SISWA percaya bahwa ini adalah momentum untuk membuktikan bahwa integritas adalah fondasi utama bagi kemajuan ekonomi. Bola kini ada di tangan Kementerian BUMN. Akankah janji ini menjadi tonggak sejarah baru, atau hanya sekadar angin lalu? Publik menantikan pembuktian nyata.

✊ Suara Kita:

“Pernyataan ‘zero tolerance’ adalah langkah awal yang krusial. Namun, implementasi nyata dan reformasi sistemik adalah kunci untuk memastikan BUMN benar-benar bersih dan melayani kepentingan publik, bukan segelintir elit.”

5 thoughts on “Sudaryono: Gebrak Meja Antikorupsi, Sikat ‘Hengki Pengki’ di MBG?”

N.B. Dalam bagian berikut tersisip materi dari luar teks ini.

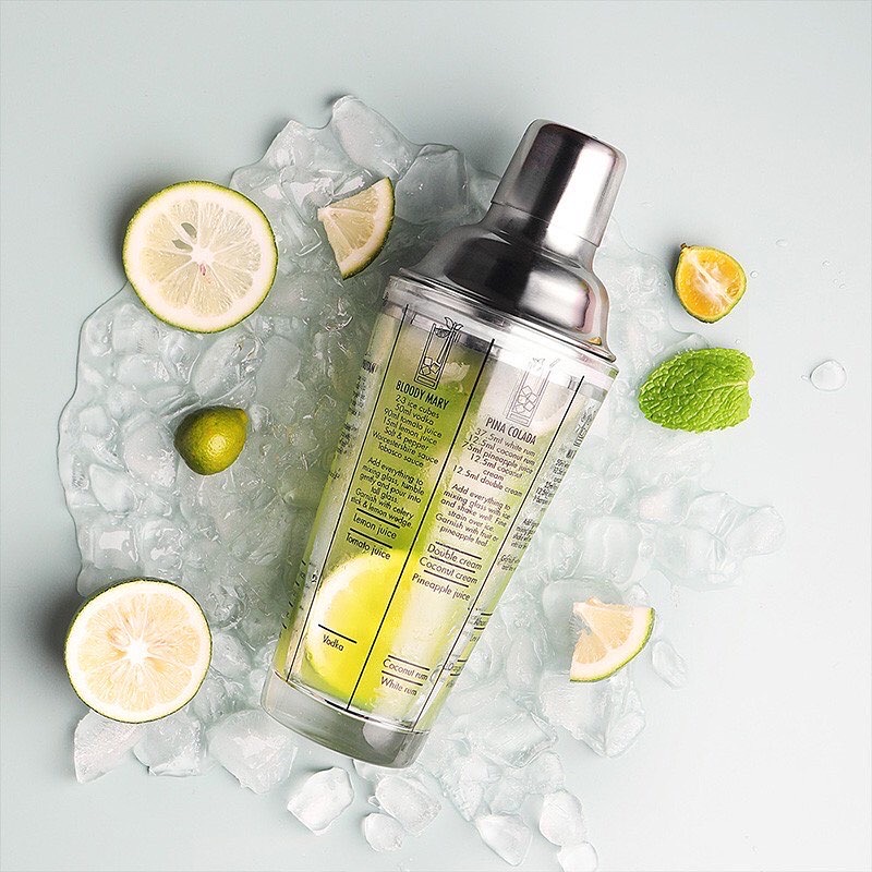 Coctelera con recetas impresas en el cristal de 400 ml con tapa y colador de acero inoxidable. Tanto si eres un principiante como un profesional, esta coctelera te ayudará a hacer tu propio cóctel. Cuenta con las recetas mai tai, piña colada, Blody Mary, cosmopolitan, margarita, daiquiris, y más.

  1. Wah, gebrak meja antikorupsi! Sebuah performa yang patut diacungi jempol, Pak Menteri Sudaryono. Semoga gebrakannya bukan cuma seremonial belaka, tapi beneran diikuti dengan reformasi birokrasi yang substansial. Rakyat nungguin transparansi anggaran BUMN yang katanya sering jadi bancakan ‘hengki pengki’ itu lho. Bener banget kata Sisi Wacana, harapan publik emang gede banget.

    Reply
  2. Halah, ‘zero tolerance’ katanya. Bilang aja udah ketahuan banyak yang bocor! Ujung-ujungnya yang sengsara rakyat kecil. Coba kalau duit korupsi itu buat stabilkan harga pangan, kan enak. Ini janji doang, ntar ujung-ujungnya tetep aja ada ‘hengki pengki’ yang nyedot modal kerja BUMN buat foya-foya. Udah males deh denger janji manis begini.

    Reply
  3. Ini beneran mau diberantas korupsinya? Alhamdulillah kalau beneran. Kita yang tiap hari nguli keringetnya sampe tumpah ruah, gaji UMR pas-pasan, udah pusing mikirin cicilan pinjaman online. Kalau BUMN bersih, kan bisa buat naikin kesejahteraan karyawan atau setidaknya harga kebutuhan nggak makin meroket. Tolonglah Pak Menteri Sudaryono, beneran sikat sampai bersih!

    Reply
  4. Wih, Pak Sudaryono mau sikat ‘hengki pengki’? Menyala abangku! Anjir, kalo beneran bersih kan BUMN jadi makin joss, nggak rugi terus. Semoga bukan cuma lips service ya, bro. Butuh good governance yang konkret biar corporate culture di BUMN beneran sehat. Ayo gas pol, biar nggak ada lagi yang nyolong-nyolong duit rakyat. Mantap min SISWA!

    Reply
  5. Pernyataan ‘zero tolerance’ ini sih sudah sering didengar dari menteri-menteri sebelumnya. Nanti palingan ramai sebentar, terus adem lagi. Yang penting itu implementasi kebijakan di lapangan, bukan cuma pidato. Selama budaya korupsi masih mengakar kuat, susah rasanya BUMN bisa bersih total. Semoga saja kali ini beda, tapi ya sudahlah.